Even with these new measures in place, thousands of people will still die of Covid-19 in the weeks to come, given the lag in lockdown measures on transmission. The recent Imperial REACT-1 study estimated that almost 100,000 people in England are being infected with the virus every day. The associated steep rise in hospital cases and deaths indicates that, without harsh measures, a second wave could be even more deadly than the first, and last longer.

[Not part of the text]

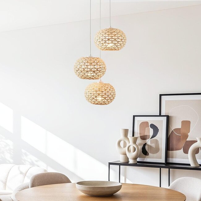 Ajoutez de la chaleur, de la texture et une touche ludique à votre intérieur avec la lampe suspendue Canaba. Cette lampe unique se compose de trois abat-jours en rotin tressés à la main (longueur de cordon max. 150 cm) qui sont suspendus à différentes hauteurs, créant ainsi un effet dynamique et atmosphérique. Chaque abat-jour mesure Ø24 x 16 cm et dispose d'une douille E27 (source lumineuse non incluse). La structure ouverte du rotin diffuse une lumière douce et décorative, idéale au-dessus d'une table à manger ronde, dans un hall d'entrée élevé ou pour attirer l'attention dans le salon. Grâce à son matériau naturel et à ses formes organiques, Canaba s'intègre sans effort dans les intérieurs boho, modernes-naturels ou scandinaves.

Perhaps those who hypothesised that the second wave of the 1918 flu pandemic was driven by boredom and fatigue were indeed correct. The country has endured some form of lockdown since late March. Unemployment is increasing and the economy is being slowly strangled. There’s been little to no payoff for the sacrifices made in the spring, just more grim news and hopelessness. England now finds itself in a groundhog situation, governed by politicians who would rather follow public opinion than lead.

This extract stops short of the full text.